* Data provided *
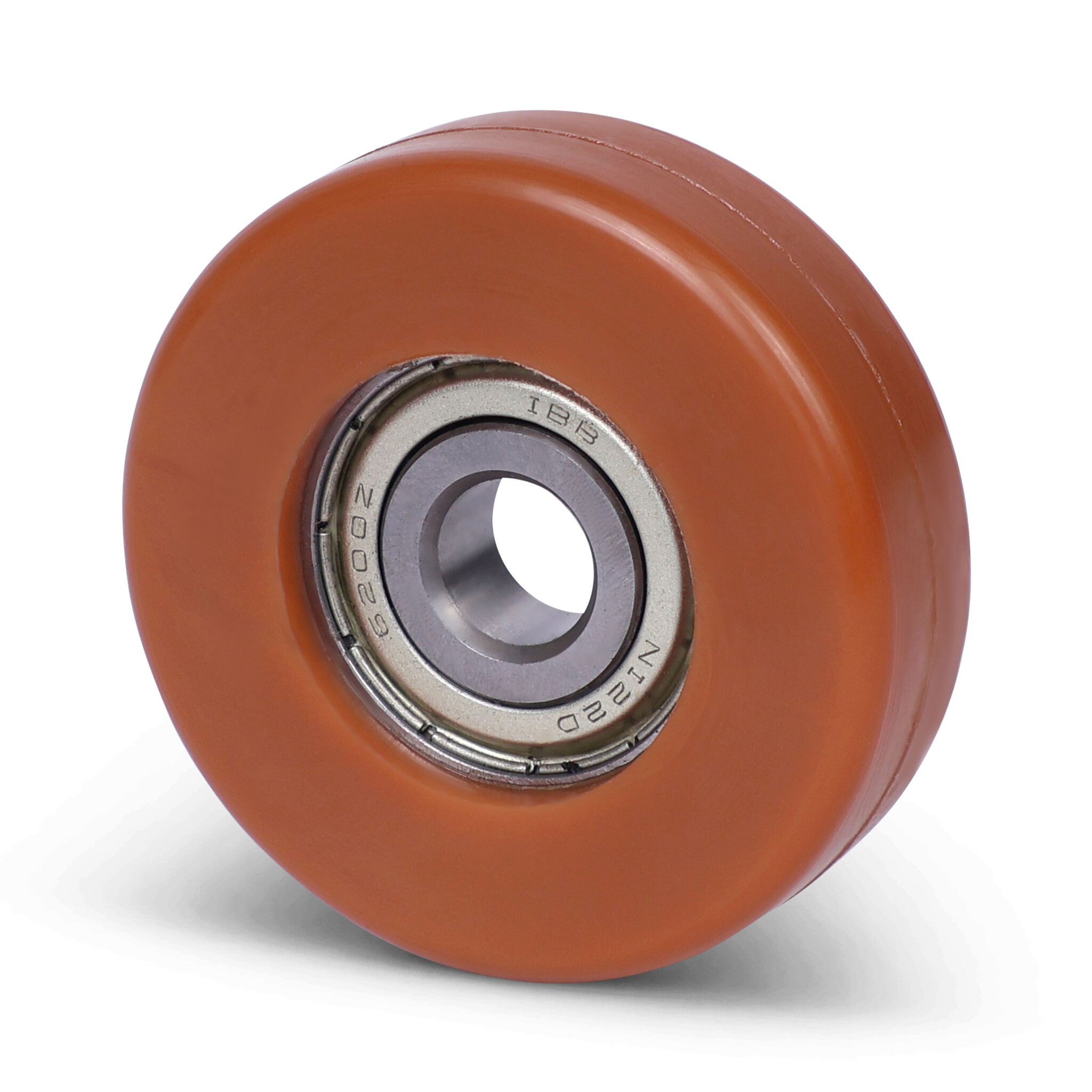 Geleiderollen met een geïnjecteerde polyurethaan band (ca 95 Shore) en 1 kogellager. (RVS lagers mogelijk op aanvraag)
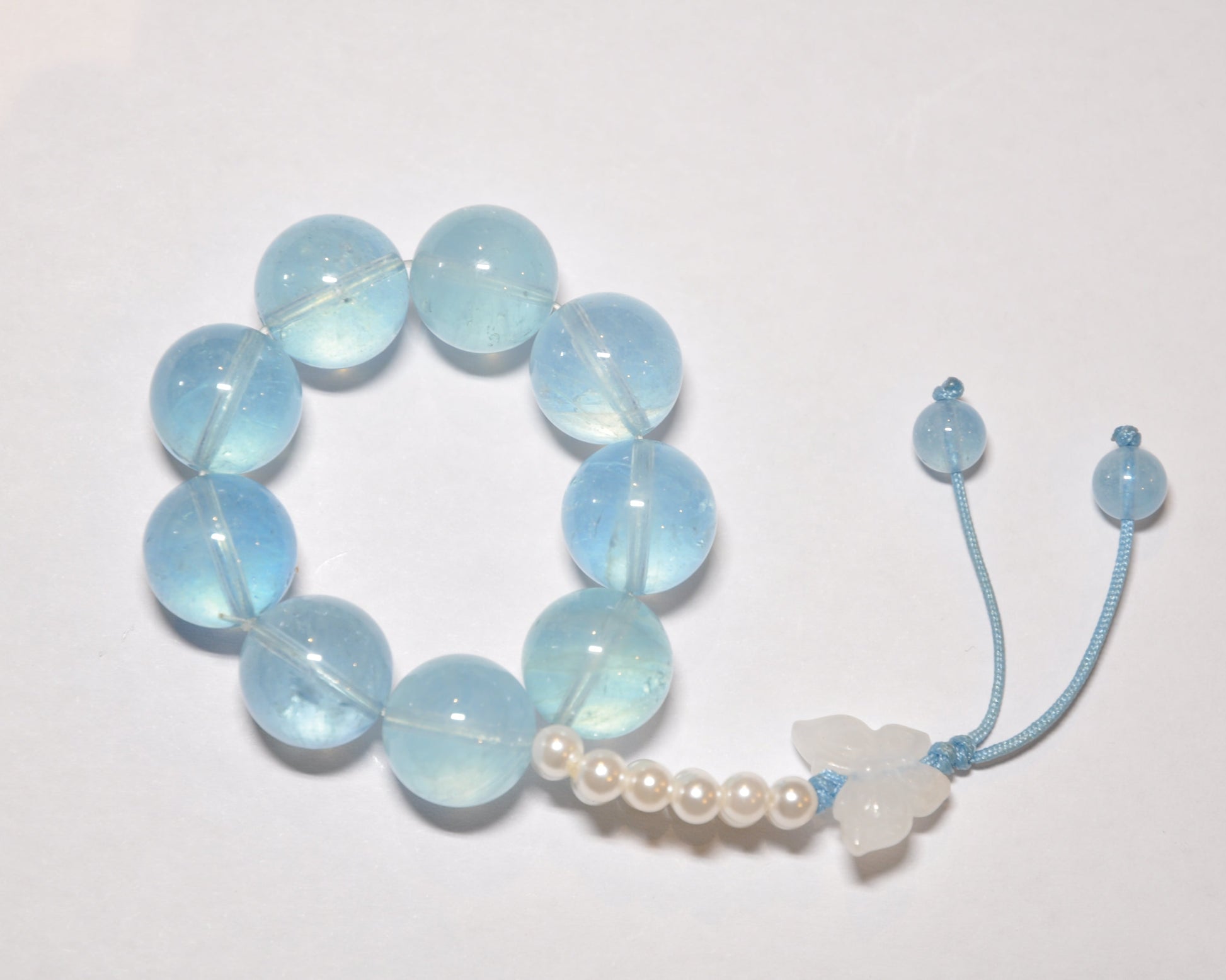 Aquamarine congeals "Southern Abyss Star-Tides", its cerulean luster intercepting Classic of Mountains and Seas' "Sunrise Valley where aquatic deity Tianwu dwells" through quantum-entangled hydro-essence, embodying Water element's supreme clarity. Pearl encapsulates "Mermaid's Lunar Sorrow" ultimate yin spirit, its pearlescent sheen encoding Yingya Shenglan's tidal constant: "dragon-chin pearls illuminate seas, calming waves with lunar gravity". Silver filigree articulates Ursa Major's celestial mechanics, via "Metal generates Water" arcana bridging cosmic realms, synchronizing stellar tidal forces and lunar radiance into wrist-borne cosmic continuum.
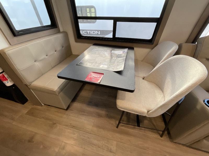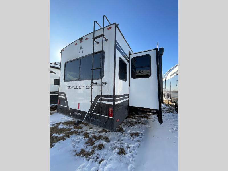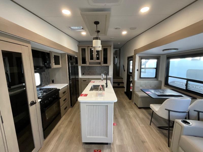 With any Reflection fifth wheel by Grand Design, you will have a solar panel for off-grid camping and a 60 amp charge controller and inverter prep, a Universal All-In-One docking station, unobstructed pass-through storage, and Goodyear Endurance tires. Each is constructed of gel coat exterior sidewalls, residential 5" truss rafters, walk-on roof decking, a fiberglass and radiant foil roof and front cap insulation plus laminated aluminum framed side walls, roof and end walls in slide rooms. Head inside to enjoy residential hardwood cabinet doors, premium Congoleum flooring, a spacious shower with a glass door, and many more comforts!
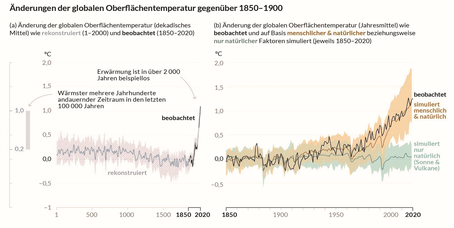 In Folge der global zunehmenden Treibhausgaskonzentration in der Atmosphäre war jedes der letzten vier Jahrzehnte seit 1980 aufeinanderfolgend wärmer als jedes vorherige Jahrzehnt seit 1850. In den ersten beiden Dekaden des 21. Jahrhunderts war die globale Oberflächentemperatur im Mittel um 0,99°C höher als im Zeitraum 1850-1900. Dabei war der Temperaturanstieg über Land mit 1,59 °C im Mittel größer als über dem Meer (0,88 °C). Die wahrscheinliche Spanne des gesamten vom Menschen verursachten Anstiegs der globalen Oberflächentemperatur von 1850-1900 bis 2010-2019 beträgt 0,8°C bis 1,3°C (Abbildung 1). (Quelle des Abschnitts: AR6, Teilbericht (WG) I, Summary for Policymaker (SPM) Kapitel A.1)
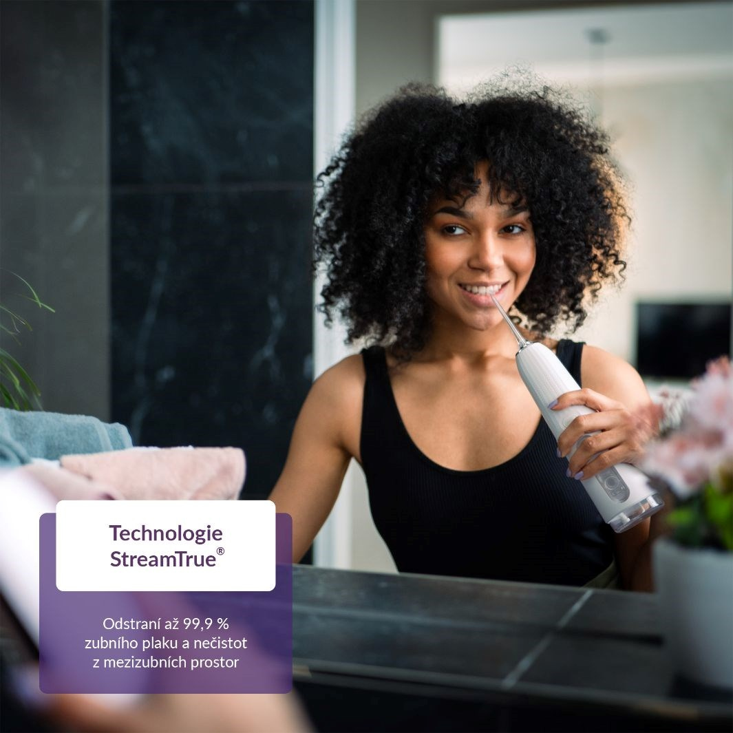 Pravidelné čistenie medzizubných priestorov funguje ako prevencia zubných kazov a vďaka TrueLife AquaFloss Compact C200 je jednoduchšie aj šetrnejšie, než používanie zubných nití či medzizubných kefiek. Iba zhora či z boku naplníte nádržku s objemom 300 ml vodou a zvolíte jeden z 5 prednastavených režimov, pričom pri režime DIY si svojim potrebám prispôsobíte tlak. Sprcha je tiež vybavená technológiou StreamTrue®, ktorá vháňa mikrobublinky tvorené vodou a vzduchom aj do tých najužších priestorov a účinne tak odstraňuje zubný povlak, baktérie a zvyšky jedál.
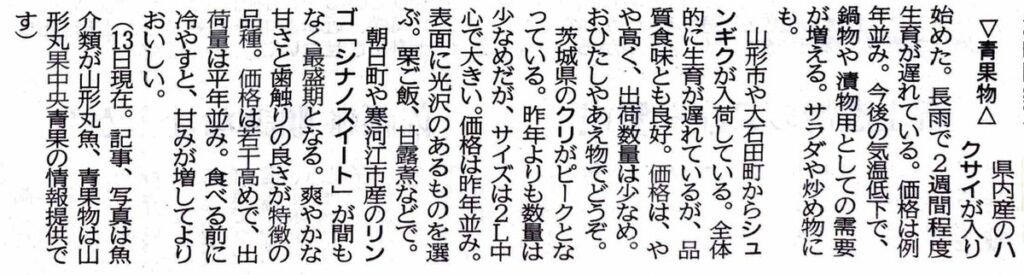 市場情報 7月20日掲載分 山形新聞 山形市公設卸売市場 市場情報 『山形新聞』2022.7.20 朝刊 市場情報より青果物 抜粋 ▼山形新聞は、山形県内をはじめ、国内外の政治、経済、社会、スポーツなど最新の...

* Your instructions *
The output must match the records word for word, except that no pictures appear.

* Task solution *
 Geleiderollen met een geïnjecteerde polyurethaan band (ca 95 Shore) en 1 kogellager. (RVS lagers mogelijk op aanvraag)
 Aquamarine congeals "Southern Abyss Star-Tides", its cerulean luster intercepting Classic of Mountains and Seas' "Sunrise Valley where aquatic deity Tianwu dwells" through quantum-entangled hydro-essence, embodying Water element's supreme clarity. Pearl encapsulates "Mermaid's Lunar Sorrow" ultimate yin spirit, its pearlescent sheen encoding Yingya Shenglan's tidal constant: "dragon-chin pearls illuminate seas, calming waves with lunar gravity". Silver filigree articulates Ursa Major's celestial mechanics, via "Metal generates Water" arcana bridging cosmic realms, synchronizing stellar tidal forces and lunar radiance into wrist-borne cosmic continuum.
 With any Reflection fifth wheel by Grand Design, you will have a solar panel for off-grid camping and a 60 amp charge controller and inverter prep, a Universal All-In-One docking station, unobstructed pass-through storage, and Goodyear Endurance tires. Each is constructed of gel coat exterior sidewalls, residential 5" truss rafters, walk-on roof decking, a fiberglass and radiant foil roof and front cap insulation plus laminated aluminum framed side walls, roof and end walls in slide rooms. Head inside to enjoy residential hardwood cabinet doors, premium Congoleum flooring, a spacious shower with a glass door, and many more comforts!
 In Folge der global zunehmenden Treibhausgaskonzentration in der Atmosphäre war jedes der letzten vier Jahrzehnte seit 1980 aufeinanderfolgend wärmer als jedes vorherige Jahrzehnt seit 1850. In den ersten beiden Dekaden des 21. Jahrhunderts war die globale Oberflächentemperatur im Mittel um 0,99°C höher als im Zeitraum 1850-1900. Dabei war der Temperaturanstieg über Land mit 1,59 °C im Mittel größer als über dem Meer (0,88 °C). Die wahrscheinliche Spanne des gesamten vom Menschen verursachten Anstiegs der globalen Oberflächentemperatur von 1850-1900 bis 2010-2019 beträgt 0,8°C bis 1,3°C (Abbildung 1). (Quelle des Abschnitts: AR6, Teilbericht (WG) I, Summary for Policymaker (SPM) Kapitel A.1)
 Pravidelné čistenie medzizubných priestorov funguje ako prevencia zubných kazov a vďaka TrueLife AquaFloss Compact C200 je jednoduchšie aj šetrnejšie, než používanie zubných nití či medzizubných kefiek. Iba zhora či z boku naplníte nádržku s objemom 300 ml vodou a zvolíte jeden z 5 prednastavených režimov, pričom pri režime DIY si svojim potrebám prispôsobíte tlak. Sprcha je tiež vybavená technológiou StreamTrue®, ktorá vháňa mikrobublinky tvorené vodou a vzduchom aj do tých najužších priestorov a účinne tak odstraňuje zubný povlak, baktérie a zvyšky jedál.
 市場情報 7月20日掲載分 山形新聞 山形市公設卸売市場 市場情報 『山形新聞』2022.7.20 朝刊 市場情報より青果物 抜粋 ▼山形新聞は、山形県内をはじめ、国内外の政治、経済、社会、スポーツなど最新の...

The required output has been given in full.